TIMESINDONESIA.MY.ID - Gunung Sinabung yang terletak di Kabupaten Karo, Sumatera Utara, kembali menunjukkan peningkatan aktivitas vulkanik yang signifikan. Kondisi ini memaksa pihak berwenang untuk menaikkan status gunung tersebut ke level III atau Siaga.
Peningkatan status ini didasarkan pada pemantauan intensif terhadap aktivitas seismik dan visual gunung yang terus menunjukkan gejala tidak stabil. Langkah pencegahan segera diambil guna meminimalisir risiko bagi masyarakat yang bermukim di zona bahaya.
Dikutip dari Antara, ratusan warga yang tinggal di kawasan lereng gunung kini telah diarahkan untuk mengungsi ke tempat penampungan sementara. Proses evakuasi dilakukan dengan melibatkan aparat gabungan demi memastikan keselamatan seluruh penduduk.
"Peningkatan aktivitas vulkanik ini mengharuskan kita untuk segera melakukan evakuasi warga ke zona yang lebih aman agar tidak terjadi hal-hal yang tidak diinginkan," ujar Kepala BPBD Karo, Natanael Perangin-angin.
Pemerintah daerah setempat bersama instansi terkait terus melakukan koordinasi untuk memantau perkembangan situasi di lapangan setiap saat. Masyarakat diimbau untuk tetap tenang namun selalu waspada terhadap potensi erupsi susulan.
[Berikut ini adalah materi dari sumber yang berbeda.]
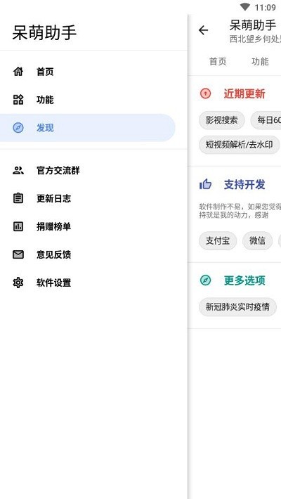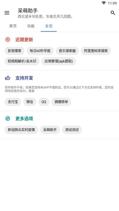 2、呆萌助手运行之后我们将能够看到多个功能选项,列如首页功能、功能选项、发现选项等。

"Kami meminta masyarakat untuk mematuhi seluruh instruksi petugas di lapangan dan tidak mendekati zona merah yang telah ditentukan demi keselamatan bersama," kata Bupati Karo, Cory Sriwaty Sebayang.
Hingga saat ini, pihak otoritas vulkanologi masih terus melakukan pengamatan mendalam terkait pergerakan magma di dalam kawah. Fokus utama saat ini adalah menjamin logistik dan kebutuhan dasar para pengungsi selama masa darurat berlangsung.
Kondisi geologis Gunung Sinabung memang dikenal sangat dinamis dan memerlukan perhatian khusus bagi warga yang berada dalam radius bahaya. Pemerintah berkomitmen untuk terus memberikan informasi terkini kepada publik secara transparan.
Seluruh warga yang berada di area terdampak diharapkan dapat bekerja sama dengan tim penanggulangan bencana selama proses evakuasi. Sinergi antara masyarakat dan pemerintah menjadi kunci utama dalam memitigasi dampak dari aktivitas gunung api ini.